By this time he was thoroughly hooked by the personalities and problems of the early Republic and he began work on his majestic 4-volume biography on the dominating figure of George Washington. The four volumes were later condensed for slow readers in the one volume Washington: The Indispensable Man. He also wrote about the young Alexander Hamilton and the Revolution’s anti-hero Benedict Arnold.

He set forth his historian’s credo in his introduction to Washington: The Indispensable Man:

To find again the American ideals we have lost, we may not return to our national beginnings with the blinded eyes of idolatry or chauvinism. Let us examine deeply every flaw, every area, where George Washington and his fellow founding fathers were untrue to what they professed. Let us examine Washington not as the spotless figure delineated by infantile fantasies or by self-seeking wavers of the flag. Let us determine without prejudice exactly what happened, exactly how men behaved. If we do this, we shall, so I am profoundly convinced, find, in the dark valley where we often stand, inspiration.

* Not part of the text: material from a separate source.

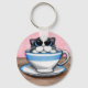 Porte - clé de chat noir fantasque. Cette petite chatte à la recherche d'une nouvelle maison... il commence à surpasser son teacup ! OEuvre originale : acrylique sur papier aquarelle © 2008 Lisa Marie Robinson
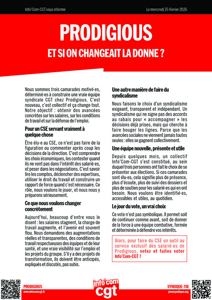 Alors, pour faire du CSE un outil au service exclusif des salarié·es de Prodigious, votez Info’Com-CGT.

His contribution is immense to our understanding of the American past, especially to the origins of the republic and to the nation’s medical and artistic development, and therefore to our understanding of ourselves. And his contribution to the delights of life was also immense. With his generous nature, his genial wit, his merry heart and his kindness to the young, he was the most beloved of men.

I have no doubt that his spirit is hovering over us all, watching the proceedings with that familiar endearing expression, quizzical but benign—and very likely watching in the august company of George Washington and his supporting cast. For James Thomas Flexner was in fact a founding father manqué.

Read at the Academy Dinner Meeting on November 11, 2004.